Excerpted from Diary from China: Yesterday we went to Master Sun's home in the morning and he and Stephan worked on the book while his wife Chow Jew and I [made] dumplings from scratch (well, all of this of course, was really Chow Jew doing it, with me just helping a little). She does everything with the simplest tools she stir fries the finely chopped tofu with two chopsticks held just so (she taught me how to open and close them to get the best effect), and stirs the larger things with 4 chopsticks held flat like a tight fan. The rolling pin looks like mine when the handles fell off years ago a simple heavy wooden rod and she does magic with it, rolling out perfect circles of dough. The result (vegetarian, natch!) was delicious dumplings boiled for our lunch, and then fried later for dinner.

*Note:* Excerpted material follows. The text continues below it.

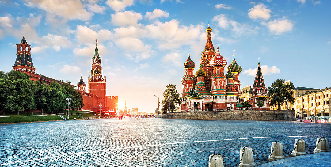 Heute landen hier zwar keine Flugzeuge mehr, dafür versammeln sich jedes Jahr zahlreiche Touristen, und das aus gutem Grund. Eingerahmt wird der Rote Platz von der 2.235 Meter langen blutroten Mauer des Kreml, dem Staatlichen Historischen Museum, dem Warenhaus GUM und der Basilius-Kathedrale. Das Wahrzeichen der Stadt vereint neun Kirchen unter neun bunten Kuppeln, die so aussehen, als würden sie sich wie eine übergroße Spieluhr jeden Moment zu drehen beginnen.
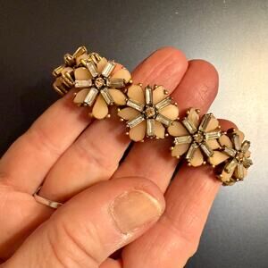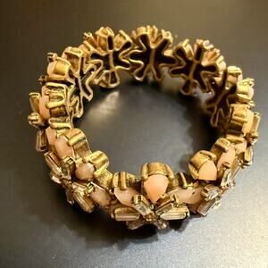 This is a lovely light pink floral crystal beaded stretch bracelet by J.Crew. It's in strong condition with all stones intact and should comfortably fit wrists slightly smaller wrists up to 7.25 or so.

[Above] Chow Jew makes the dough for the dumplings and we prepare the scallions.

[Left] Using chopsticks, Chow Jew stirs the ingredients for stuffing the dumplings.

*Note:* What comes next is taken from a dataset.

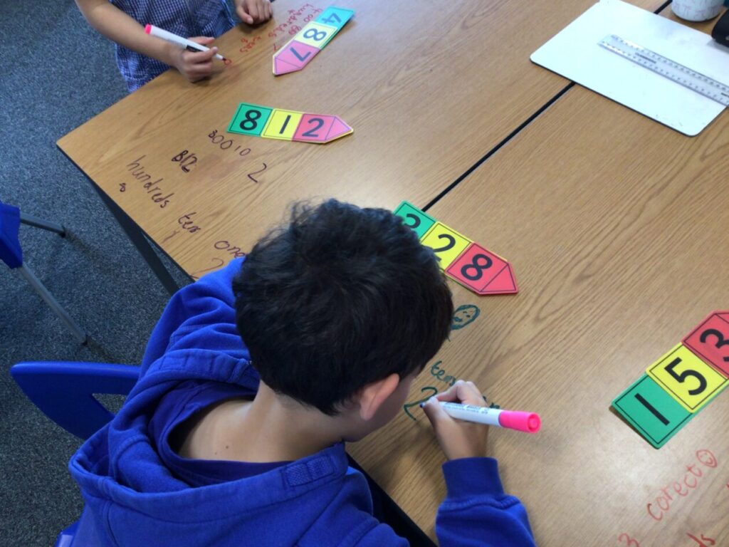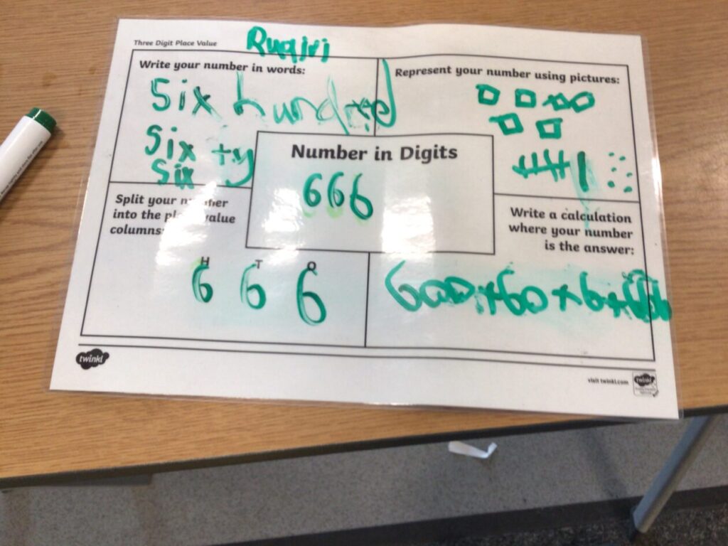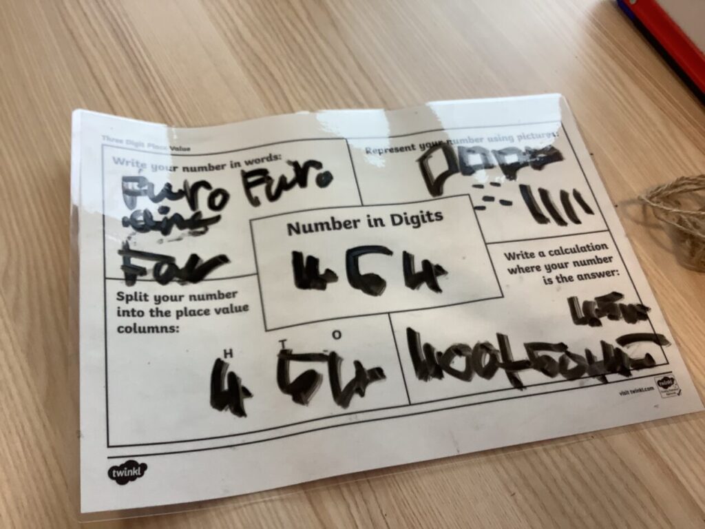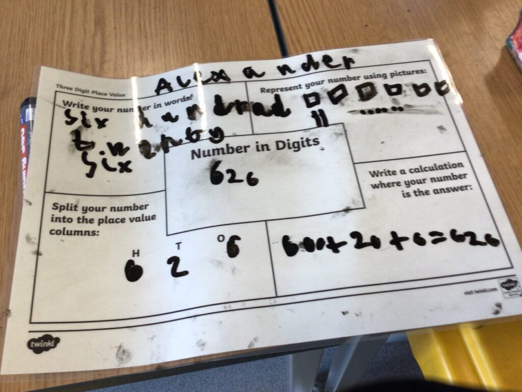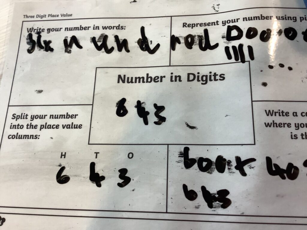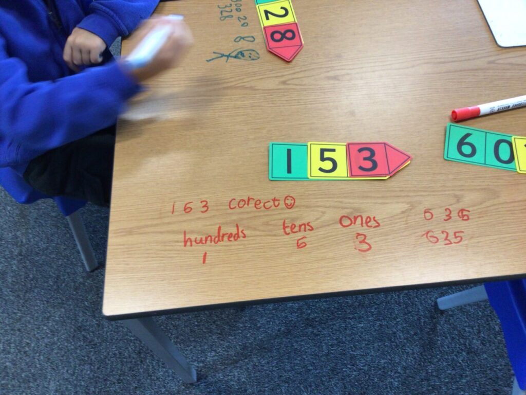 This maths group were doing some place value. They had to split up the number into hundreds, tens and ones. They got to write on the table with special pens. – Asa

[Below] We stuff the dumplings.





Enjoying the fruits of our labor!

Excerpted from the Diary from China: What an experience [the laundry was]! They have a washing machine with two parts on the left is a small cylinder that fills with water, you add the detergent, and it agitates the clothes for whatever length of time that you set. You take out those clothes without draining the water and add the next batch, let it agitate those clothes and so on, putting the darkest clothes in last. Meanwhile, as you pull the cleaned, soapy clothes out, you go into the bathroom (about 4 feet wide and 8 feet deep with an oblong ceramic hole set in concrete the floor of the entire apartment is concrete, as is the floor of most homes we've visited --- plus a shower head above and a spigot on the back wall) and put a stool with a basin under the spigot and straddle the hole while you rinse the clothes thoroughly. You then take the rinsed clothes back to the washing machine and put them into the smaller cylinder on the right. That cylinder spins the clothes to wring out the water. And then you take the washed, rinsed, and spun clothes out to the back porch (8 feet deep and about 15 feet wide) which doubles as a guest bedroom (where their son fell asleep last night when Stephan and Master Sun worked on the book in the living room which doubles as his bedroom) and hang them on coat hangers along the rope strung over the bed.